Application: Number/Geometry

Section 1.8 Application: Number/Geometry

Objective: Solve number and geometry problems by creating and solving a linear equation.

Word problems can be tricky. Often it takes a bit of practice to convert the English sentence into a mathematical sentence. This is what we will focus on here with some basic number problems, geometry problems, and parts problems.

A few important phrases are described below that can give us clues for how to set up a problem.

A number (or unknown, a value, etc) often becomes our variable
Is (or other forms of is: was, will be, are, etc) often represents equals ($=$): "$x $ is $5 $" becomes $x=5 $
More than often represents addition and is usually built backwards, writing the second part plus the first: "Three more than a number" becomes $x+3 $
Less than often represents subtraction and is usually built backwards as well, writing the second part minus the first: "Four less than a number" becomes $x-4 $

Using these key phrases, we can take a number problem and set up an equation to solve.

Example 1.8.1.

If $28$ less than five times a certain number is $232\text{.}$ What is the number?
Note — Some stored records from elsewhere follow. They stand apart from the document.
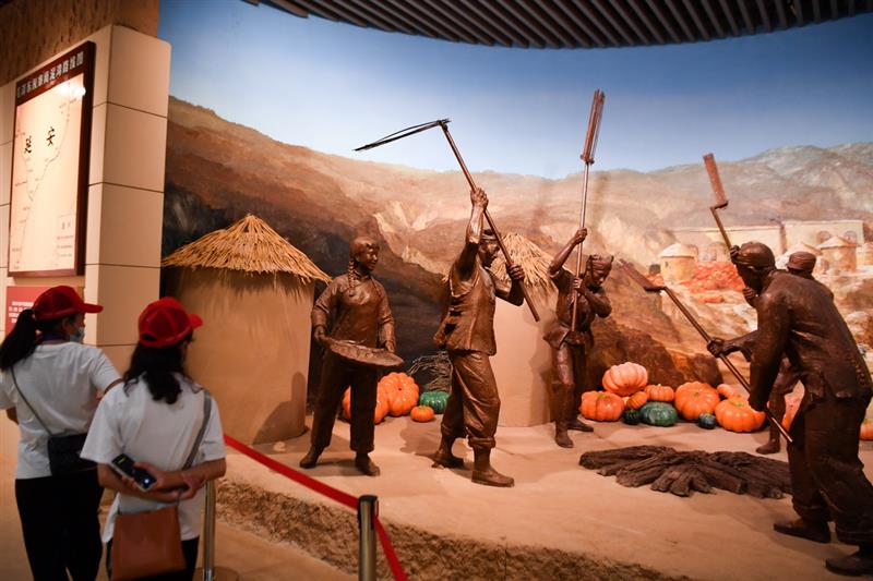 南泥湾大生产纪念馆内的雕塑作品(7月22日摄)。新华社记者 张博文 摄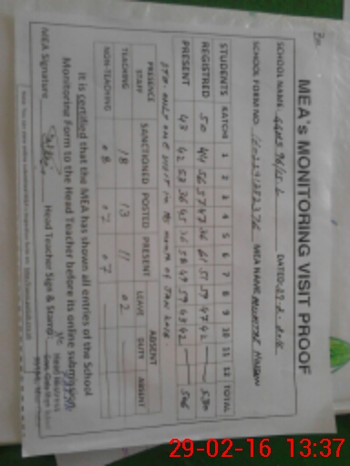 | Attendance Register | Head Teacher | MEA with School | Visit Proof |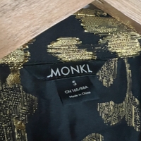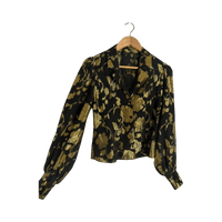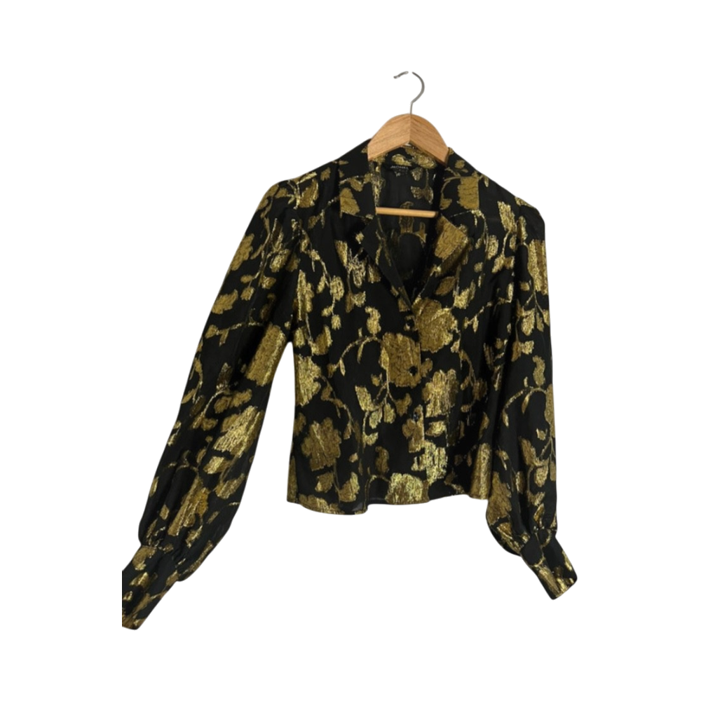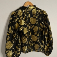 Kultaiset kukkakuvioinnit, pusero juhlavaan käyttöön. Edessä napit. Läpikuultava kangas.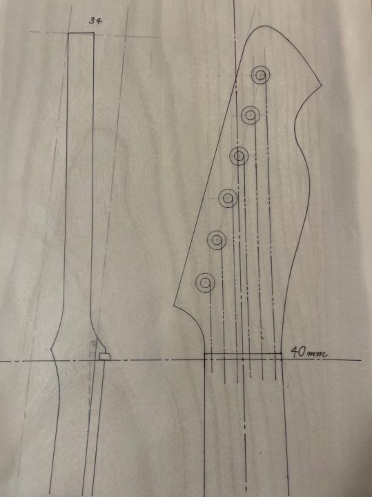 次に図面を製作。ヘッドの形は、2006年に自分でデザインしたグランドリオンのシェイプにしました。そして演奏時に肘に当たるボディ前面部分をエルボーカット(点線部分)。角度的にストラトのエルボーカットは肘のところに来ず、なんの意味もないと感じているので、僕の場合はこんな形にしてみました。さらに肋骨に当たるボディ背面部分にコンター加工。これも自分のギターポジションを考慮して最善の位置に来るようにしています。また高音域演奏時に当たる部分のカットラインも1弦側に点線で書いてます。ボディ背面の丸い点線は、そこに彫刻でもあしらおうという装飾スペースです。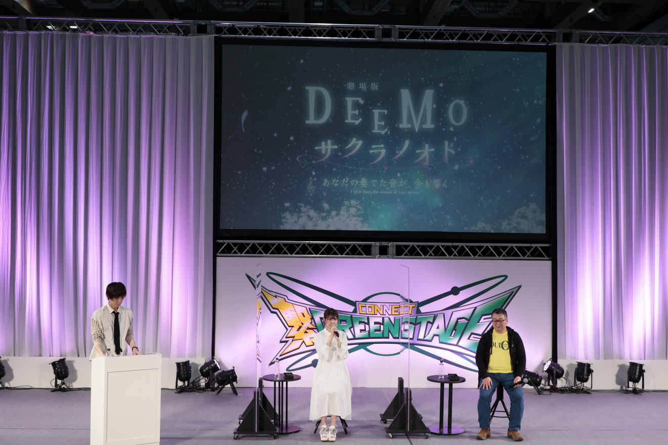 イベントの最後に「スタッフがほんとに頑張っている作品。より優しく、切ない音楽映画になりますので、完成まで後ちょっとです。」と作品の完成が迫っていることを語った藤咲総監督。そして、「ゲームの世界を一歩どころか二歩三歩飛び出して映画という形でDEEMOという作品に関わらせていただいてゲームのファンとしても本当に嬉しいです。原作ゲームのファンの皆さんにとっては数々の名曲がストーリーを彩っているのでそちらも楽しんで頂ける作品となっていると思います。まだまだ発表できないことがありますが楽しみに待っていて下さい。」と竹達彩奈。少しずつではあるが徐々に作品のピースが揃い始めた『DEEMO THE MOVIE』の劇場公開が待たれる。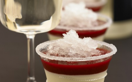 Pour la décoration, tremper le bord du verre dans du blanc d'oeuf puis dans du sucre semoule. Verser un peu de coulis de framboise et faire prendre au congélateur. Remplir les verres avec la crème aux agrumes et terminer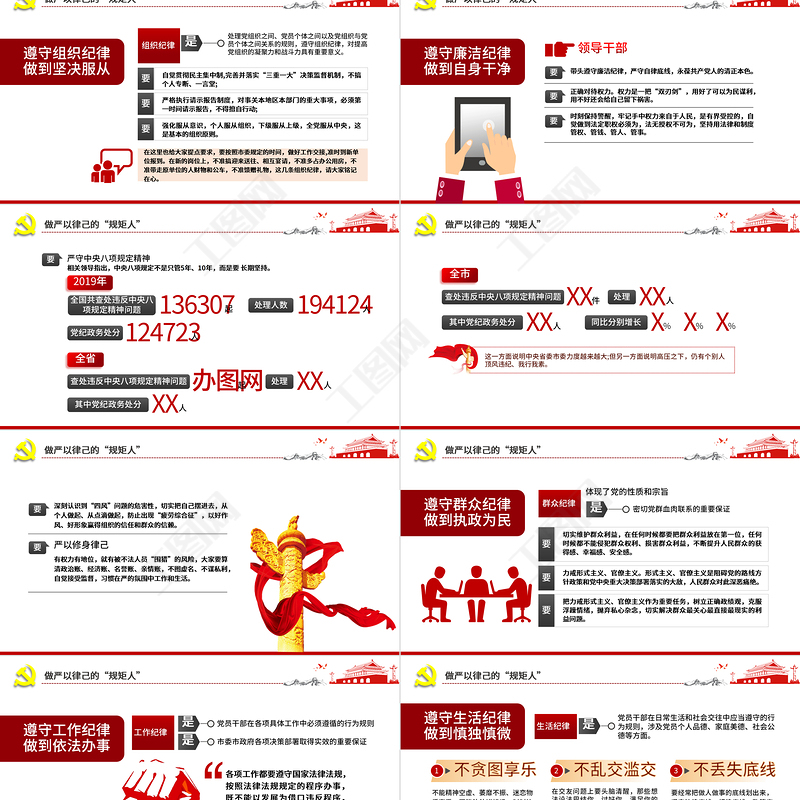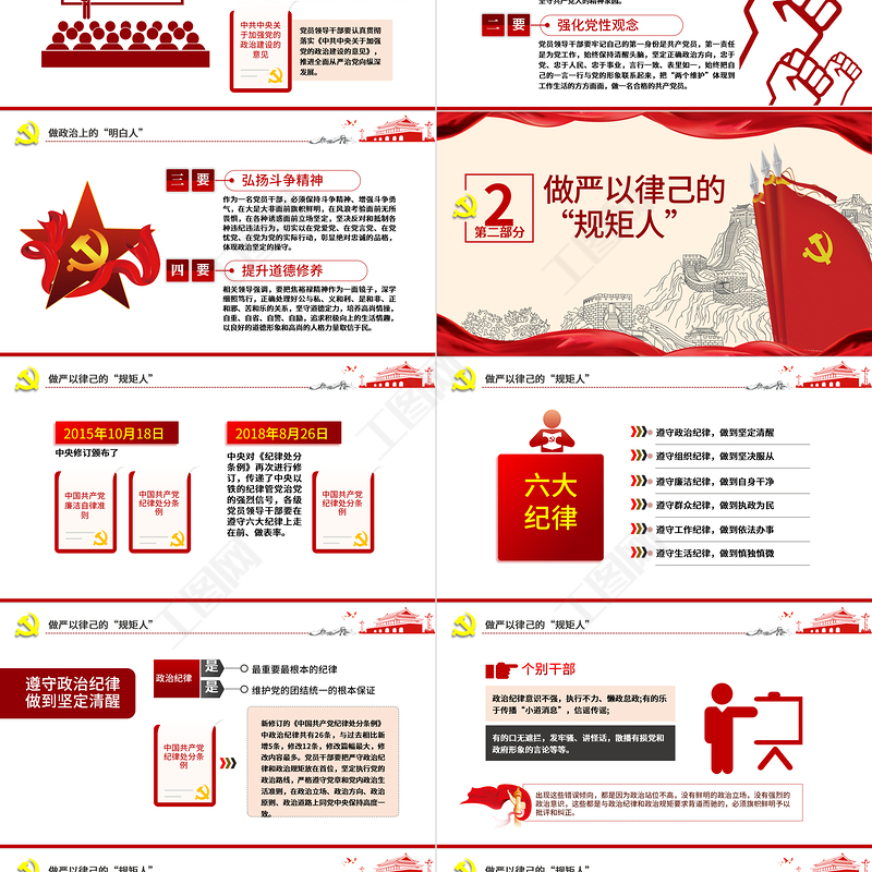 做嚴以律己的“規矩人” 六大紀律遵守政治紀律,做到堅定清醒遵守組織紀律,做到堅決服從遵守廉潔紀律,做到自身干凈遵守群眾紀律,做到執政為民遵守工作紀律,做到依法辦事遵守生活紀律,做到慎獨慎微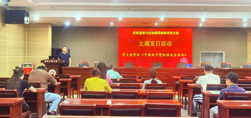 为深入学习贯彻新修订的《中国共产党纪律处分条例》(以下简称《条例》)进一步推动党纪学习教育走深走实,引导支部党员学纪、知纪、明纪、守纪,5月22日,马克思主义学院思想道德与法治教研部教师党支部开展了学习《条例》主题党日活动。学院党总支书记刘伟作为联系支部领导参加了主题党日活动。活动由支部书记刘艳主持。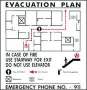 Kecemasan dan tempat untuk bersembunyi di tempat kerja anda. Laluan kecemasan perlu dilakarkan dan dipamerkan di tempat kerja. Mengenalpasti keadaan yang diklasifikasikan sebagai kecemasan bencana hingga memerlukan tindakan segera seperti pengusian evacuation bangunan.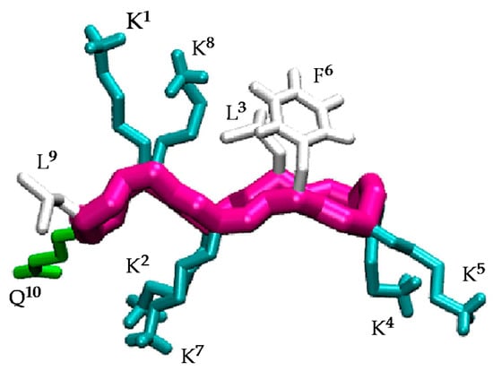 Understanding the structural factors that govern the antimicrobial activity of a library of cyclic peptides is a daunting task. In previous works [30,31,32], a combination of MD simulations and biophysical experiments has highlighted the importance of the specific arrangement of the residues in BPC194 for the formation of stable pores and for inducing the fusion of lipid membranes. In these simulations, a stable β-structure and a symmetric arrangement of the Lys side chains was observed for the peptides inserted in the pore (Figure 1). In particular, the polar side chains of residues K1–K8, K2–K7, and K4–K5 aligned, resulting in a structure reminiscent of an anchor that helped to stabilize the polar head groups of the lipids and the water channel. Based on this, we believe that this structural motif plays a fundamental role in the antimicrobial activity of this peptide and that the precise orientation and alignment of the side chains is essential for its function.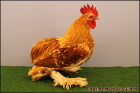 Ruhlaer Zwerg-Kaulhühner gelb mit weißen Tupfen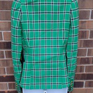 Smythe Kelly Green Plaid Puff Sleeve Blazer Cotton Size 6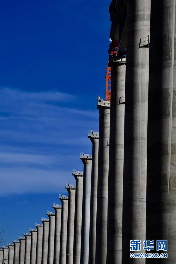 中铁十一局的工人在川藏铁路拉林段昌果特大桥进行铺轨作业(10月16日摄)。 近日,川藏铁路拉萨至林芝段昌果特大桥开始铺设行轨排、架设梁片,标志着川藏铁路拉林段正式进入铺轨阶段。 新华社记者 普布扎西 摄

\begin{align*} 5x-28 \amp \quad \text{Subtraction is built backwards, multiply the unknown by $5$} \\ 5x-28=232 \amp \quad \text{Is translates to equals} \\ +28 +28 \amp \quad \text{Add $28$ to both sides} \\ 5x=260\amp \quad \text{The variable is multiplied by $5$} \\ \frac{5x}{5} = \frac{260}{5} \amp \quad \text{Divide both sides by $5$} \\ x = 52\amp \quad \text{The number is $52$} \end{align*}

This same idea can be extended to a more involved problem as shown in the next example.

Example 1.8.2.

Fifteen more than three times a number is the same as ten less than six times the number. What is the number?

\begin{align*} 3x+15 \amp \quad \text{First, addition is built backwards} \\ 6x-10 \amp \quad \text{Then, subtraction is also built backwards} \\ 3x+15=6x-10 \amp \quad \text{Is between the parts tells us they must be equal} \\ -3x \qquad -3x \qquad \amp \quad \text{Subtract $3x$ so variable is all on one side} \\ 15=3x-10 \amp \quad \text{Now we have a two-step equation} \\ +10\qquad+10 \amp \quad \text{Add $10$ to both sides} \\ 25=3x \amp \quad \text{The variable is multiplied by $3$} \\ \frac{25}{3}=\frac{3x}{3} \amp \quad \text{Divide both sides by $3$} \\ \frac{25}{3}=x \amp \quad \text{Our number is $\frac{25}{3}$} \end{align*}

Another type of number problem involves consecutive numbers. Consecutive numbers are numbers that come one after the other, such as $3\text{,}$ $4\text{,}$ $5\text{.}$ If we are looking for several consecutive numbers, it is important to first identify what they look like with variables before we set up the equation. This is shown in the following example.

Example 1.8.3.

The sum of three consecutive integers is $93\text{.}$ What are the integers?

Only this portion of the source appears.